CNN, FOX, The New York Times and other major media are under no obligation to ask tough questions of US leaders, to act in the public interest (is there a public interest that reconciles the conflicting interests of class?) or to “tell the truth to Americans that isn’t sponsored by some major corporation.” As businesses, their only obligation is to their owners, and their owners’ interests are decidedly at odds with those of the people who go to Moore’s films.

Call it a class-issue. If you deploy capital to generate profits, you have interests opposed to those of Moore’s audiences: war for oil profits versus not dying as a grunt in Iraq; the profits to be secured from private healthcare versus the security of free healthcare; a media that instils an ideology congenial to your profit-making interests versus one that challenges it.

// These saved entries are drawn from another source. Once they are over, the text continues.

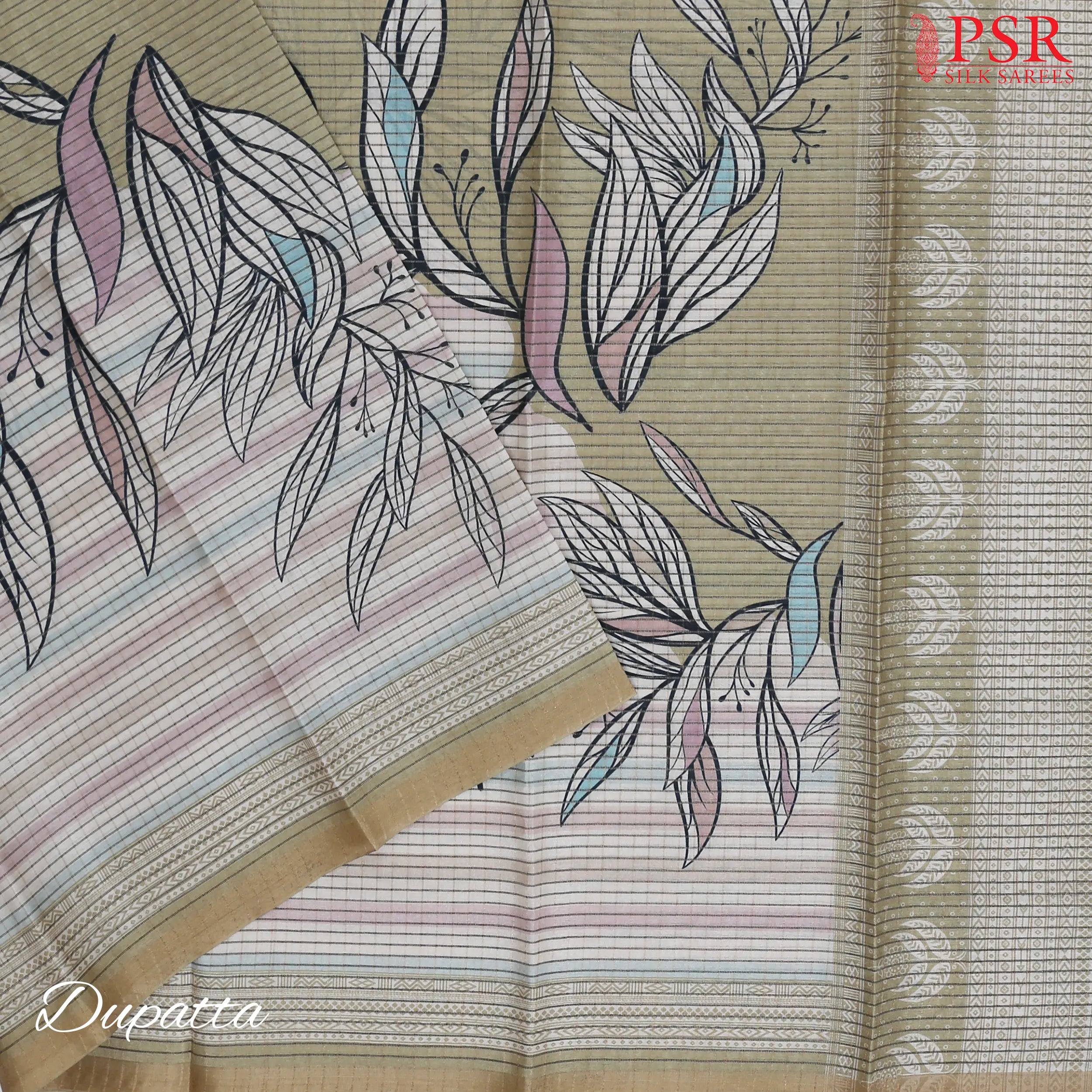 PSR Silks presents Olive Semi Tassar Dress Material (Only Top & Dupatta)
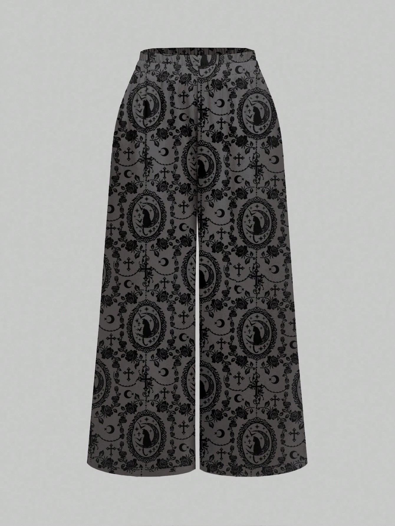 Gothic Dark Mysterious Horror Cross Vine Black Cat Halloween Rose Sexy Valentine's Day All-Over Print Wide Leg Pants For Women
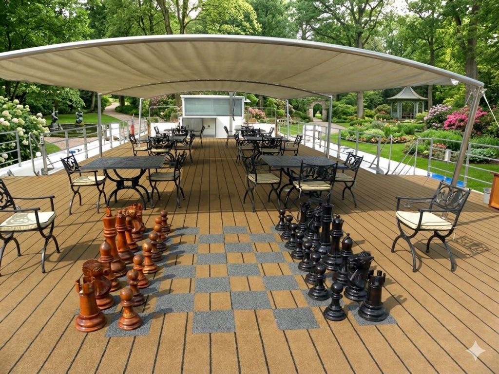 Imagine the gentle breeze of a garden terrace or the steady hum of a luxury cruise deck, enhanced by the presence of a game that transcends time. In our latest showcase at giantchess.com, we highlight a stunning Giant Teak Chess Set perfectly integrated into a high-end outdoor lounge. This isn’t just about entertainment; it’s about creating an atmosphere where luxury and leisure meet in the most artistic way possible.

Notwithstanding Moore’s complaints, Blitzer and other journalists haven’t failed to do their jobs. They’ve performed remarkably well. What Moore hasn’t figured out is that there isn’t a public interest for Blitzer to serve, only class interests. And since it’s not white and blue collar workers who own CNN, but the owners of Time-Warner who do, Blitzer isn’t working for us. He’s working for people who have an interest in private, for-profit healthcare, an aggressive foreign policy that’s good for business, and any other policy that takes money, wealth, labor and sweat from you, me, Iraqis, Venezuelans, Cubans and so on, and gives it to them.

Moore has also shown a certain blindness when it comes to Canada. On Jon Stewart’s The Daily Show, Moore pointed favourably to Canada for not invading other countries and for operating a healthcare system Moore believes the US should adopt.

Canada’s healthcare system, while preferable to that of the US, still comes up short against Cuba’s. Moore explored the relative merits of the US, Canadian and Cuban healthcare systems in a “healthcare Olympics” segment of his former TV program TV Nation. While network censors forced Moore to declare Canada the winner, the film-maker admitted that Cuba had really won. If Cuba’s system is better (and it is) why endorse Canada’s?

As to Moore’s lionizing Canada for not invading other countries, he’s under the spell of an illusion.

•Canada took part in the UN “police action” in Korea in the 50s, which saw a US-led coalition invade the Korean peninsula to put down a national liberation movement operating in both the north and south.

•Canada is part of a force that invaded Haiti after its president, Jean Bertrand Aristide, was ousted by US intrigues.

•Canadian troops are occupying Afghanistan. Since US forces kicked down the door, and were never invited in, Canada’s occupation – which frees up US military resources to concentrate on the occupation of Iraq — is in any practical sense an invasion.

It might also be pointed out that Canada doesn’t play in the same league as the US and Britain when it comes to invading other countries, not because Canadians are peace-loving, but because Canada doesn’t have the military heft to mimic its neighbour to the south. Canada is driven by the same profit-making imperatives that impel US and British policy makers to use force, subversion, economic pressure, diplomacy and civil society to secure export and investment opportunities in other countries. Had Canada its neighbor’s military muscle it would just as ardently use bombers, missiles and tanks to kick down foreign doors.

Moore’s film, Sicko, is to be commended for the entertaining and engaging way it addresses an important issue. But the film-maker’s high-school civics class understanding of system, and his naïve illusions about Canada, leave much to be desired.